#### Activity
A word-for-word copy of every entry below is required; the images do not belong in it.

- Opening Delimiter -

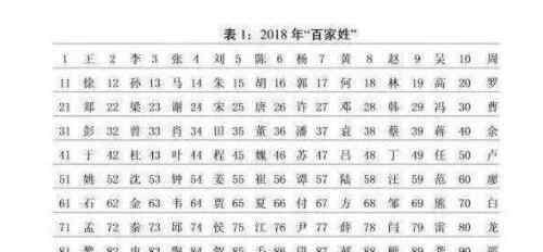 2018年百家姓排行榜
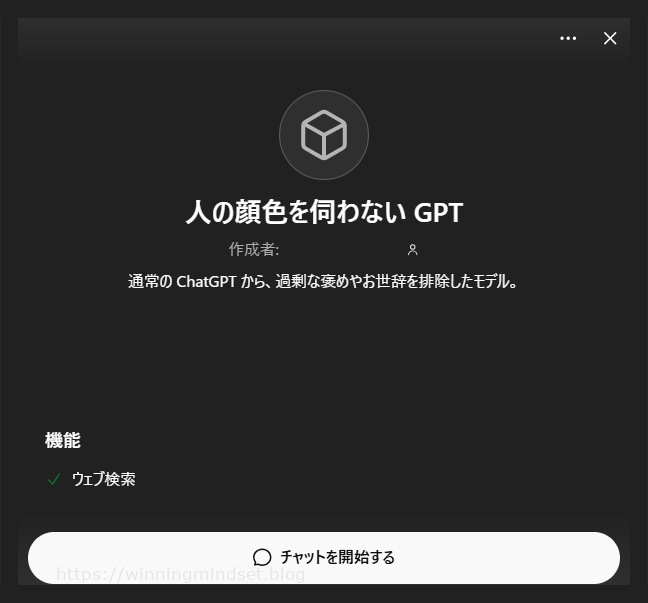 2025年10月18日(土) 気まぐれ日記 X Facebook はてブ LINE Pinterest 2025.10.182026.02.07 この記事は約1分で読めます。 私にとって ChatGPT とは、思考の整理やアイディアの創出、文章の推敲、業務効率化、そして議論の相手として欠かせない存在です。 デフォルトのモデルでは、人の顔色を伺いながらチャットが進んでいくような “気持ち悪さ” を感じていたので、MyGPTs (現在はGPTs) の機能を利用して、妥協なく議論できるモデルを作ってみました。 今後は「気まぐれ日記」のスペースを利用し、私と「人の顔色を伺わないGPT」とのやりとりを公開していきたいと思います。
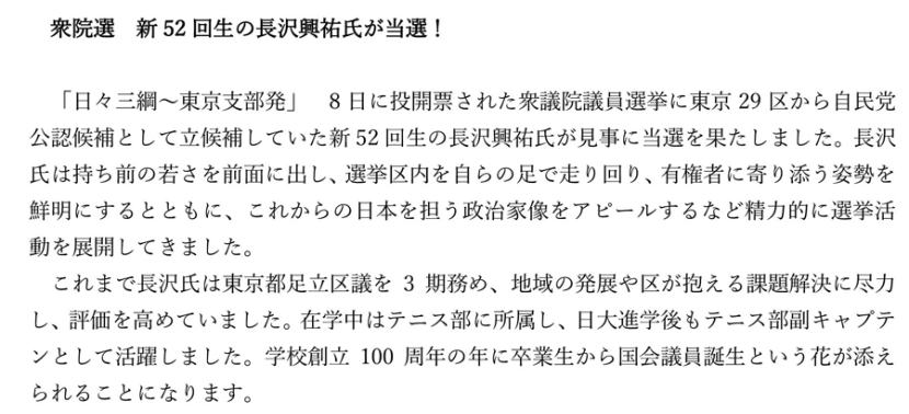 長沢興祐(新52回生)が衆議院選挙(東京29区)初陣で見事初当選!
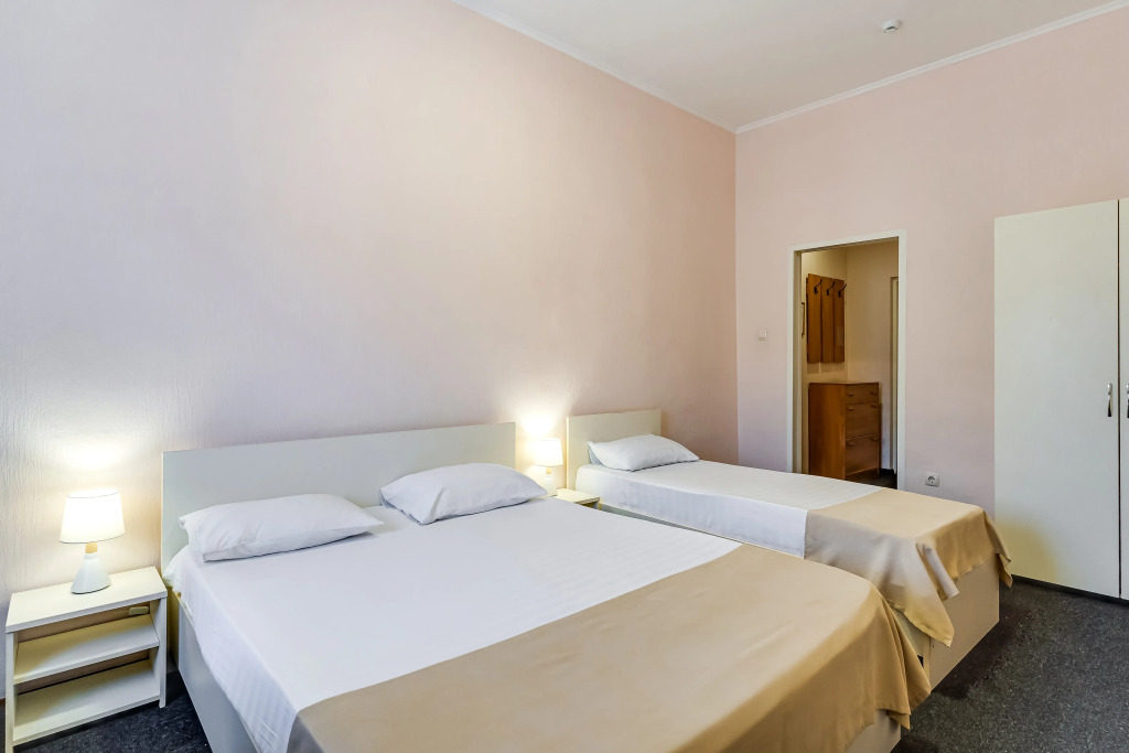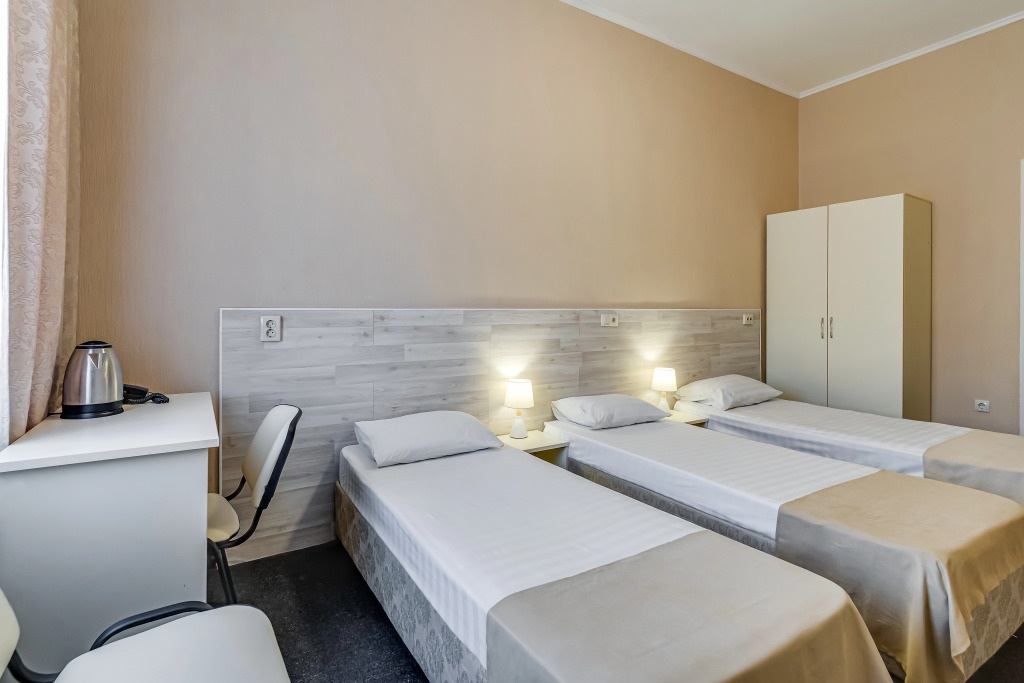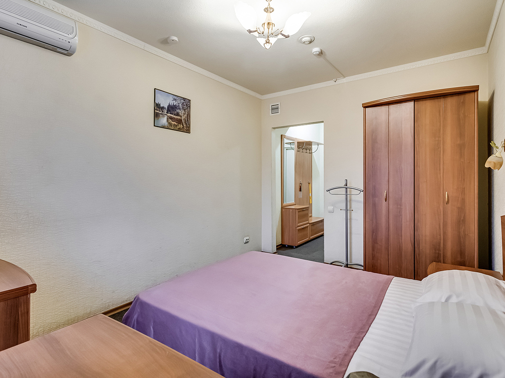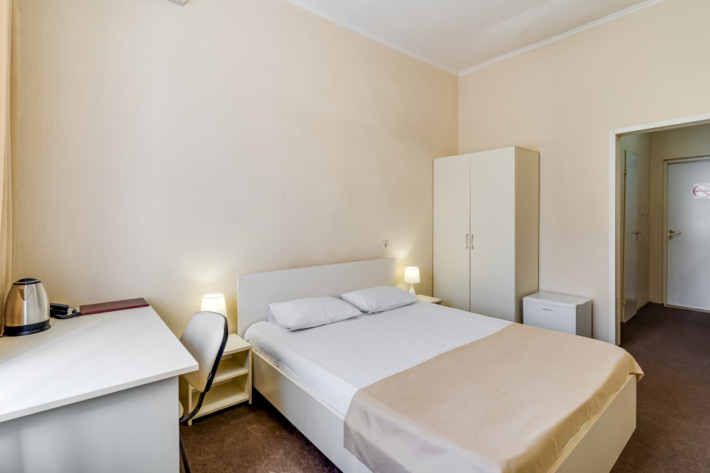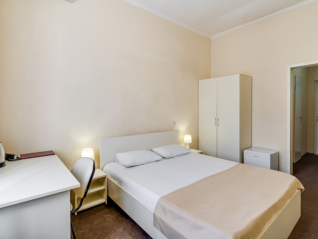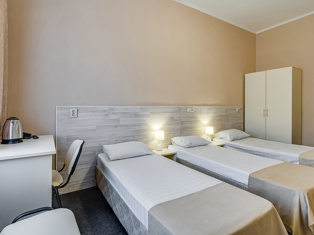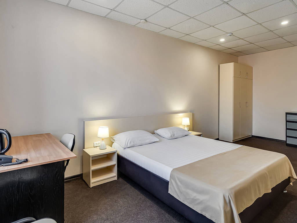 Все номера гостиницы полностью меблированы. В каждом есть кровать, шкаф, письменный стол. Дети до 8 лет заселяются у нас бесплатно, с предоставлением отдельного спального места.
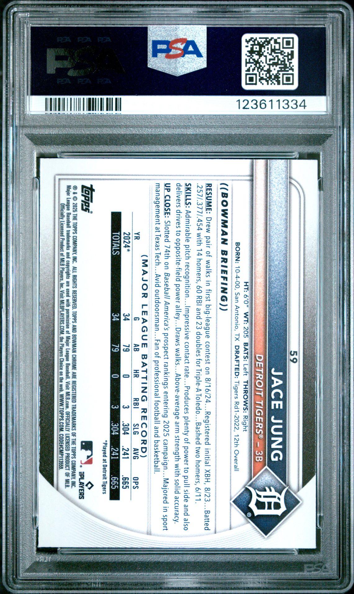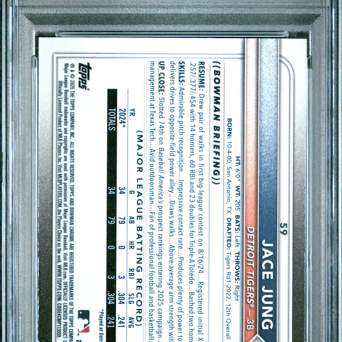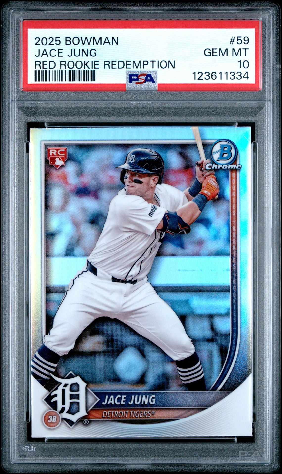 2025 Bowman #59 Jace Jung Chrome Red Rookie Redemption PSA 10
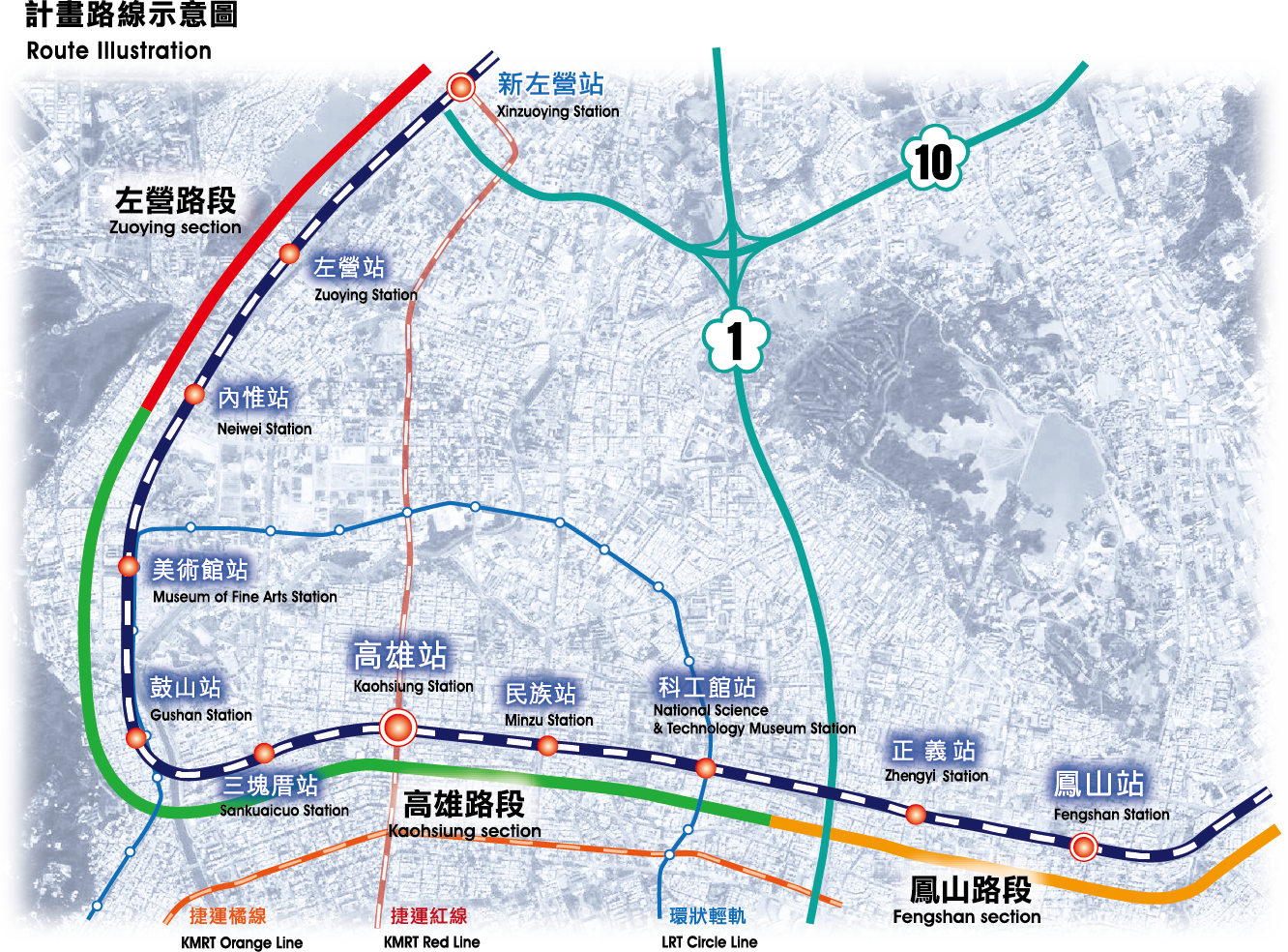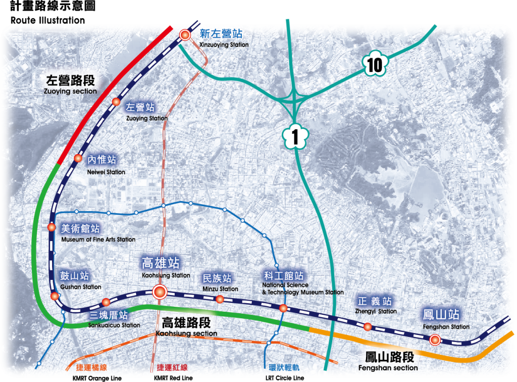 The Kaohsiung Urban Railway Underground Project, running from the new Zuoying Station to Dazhi Overpass at Fengshan zone, covers a length of approximately 15.37 kilometers, it began operations on October 14, 2018.

- Closing Delimiter -

#### Task solution
 2018年百家姓排行榜
 2025年10月18日(土) 気まぐれ日記 X Facebook はてブ LINE Pinterest 2025.10.182026.02.07 この記事は約1分で読めます。 私にとって ChatGPT とは、思考の整理やアイディアの創出、文章の推敲、業務効率化、そして議論の相手として欠かせない存在です。 デフォルトのモデルでは、人の顔色を伺いながらチャットが進んでいくような “気持ち悪さ” を感じていたので、MyGPTs (現在はGPTs) の機能を利用して、妥協なく議論できるモデルを作ってみました。 今後は「気まぐれ日記」のスペースを利用し、私と「人の顔色を伺わないGPT」とのやりとりを公開していきたいと思います。
 長沢興祐(新52回生)が衆議院選挙(東京29区)初陣で見事初当選!
 Все номера гостиницы полностью меблированы. В каждом есть кровать, шкаф, письменный стол. Дети до 8 лет заселяются у нас бесплатно, с предоставлением отдельного спального места.
 2025 Bowman #59 Jace Jung Chrome Red Rookie Redemption PSA 10
 The Kaohsiung Urban Railway Underground Project, running from the new Zuoying Station to Dazhi Overpass at Fengshan zone, covers a length of approximately 15.37 kilometers, it began operations on October 14, 2018.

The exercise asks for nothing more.